What you can do is solve for one variable in term of the other. Here, for examply 4x= 3y so y= (4/3)x. Any vector of the form (x, (4/3)x) is in the eigenspace. You can also write that as x(1, 4/3) showing that any such vector is a multiple of (1, 4/3): the subspace is of dimension 1 and a basis for it is {(1, 4/3)}. Of course, if you don't like fractions, you could just factor a "3" out of that x and write (x/3)(3, 4). Since x could be any number, so can "x/3" and {(3, 4)} is a basis for the eigenspace corresponding to eigenvalue 5.

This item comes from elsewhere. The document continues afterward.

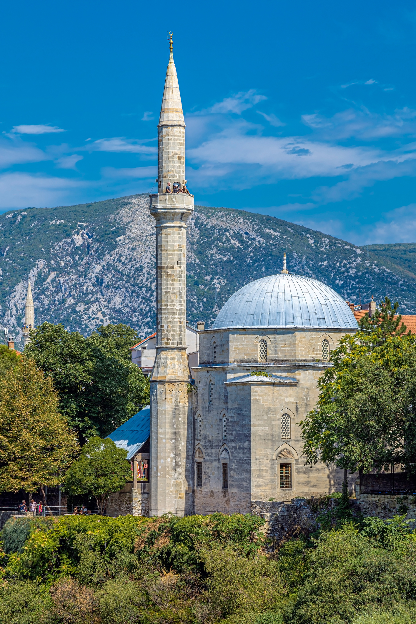 The mosque sits a few minutes from the bridge and the copper lanes, so you can read Mostar from above and then walk the textures that fill the frame. The climb and the courtyard together make a simple, complete stop.

Similarly, for eigenvalue -2x you have
$$\left[\begin{array}{cc} 1 & 3 \\ 4 & 2 \end{array}\right]\left[\begin{array}{c} x \\ y \end{array}\right]= left[\begin{array}{c}-2x \\ -2y\end{array}\right]$$
That is the same as x+ 3y= -2x or 3x+ 3y= 0 and 4x+ 2y= -2y or 4x+ 4y= 0. What x and y satisfy that? Again, you cannot solve for specific x or y but you can solve for y in terms of x or viceversa.

 

[roam]

...yes!

4x-3y = 0
-4x+3y = 0

x = 3/4y ( y is free)

x = $$\left(\begin{array}{ccc}x\\y\end{ar ray}\right) =$$ $$\left(\begin{array}{ccc}3/4 y\\y\end{ar ray}\right) =$$ $$y \left(\begin{array}{ccc}3/4\\1\end{ar ray}\right)$$


Ax = λx

Ax = $$\left[\begin{array}{ccccc} 1 & 3 \\ 4 & 2 \end{array}\right]$$ $$\left(\begin{array}{ccc}3/4 y\\y\end{ar ray}\right) =$$ $$5 \left(\begin{array}{ccc}3/4 y\\y\end{ar ray}\right) \Rightarrow$$ $$\left(\begin{array}{ccc}15/4 y\\5 y\end{ar ray}\right)$$

= 5x

(I know how to do the computations for the second case, $$\lambda = -2$$ )

I understand that system (λI-A) = 0 has non-trivial solutions.

Thanks very much for explaining, Best wishes.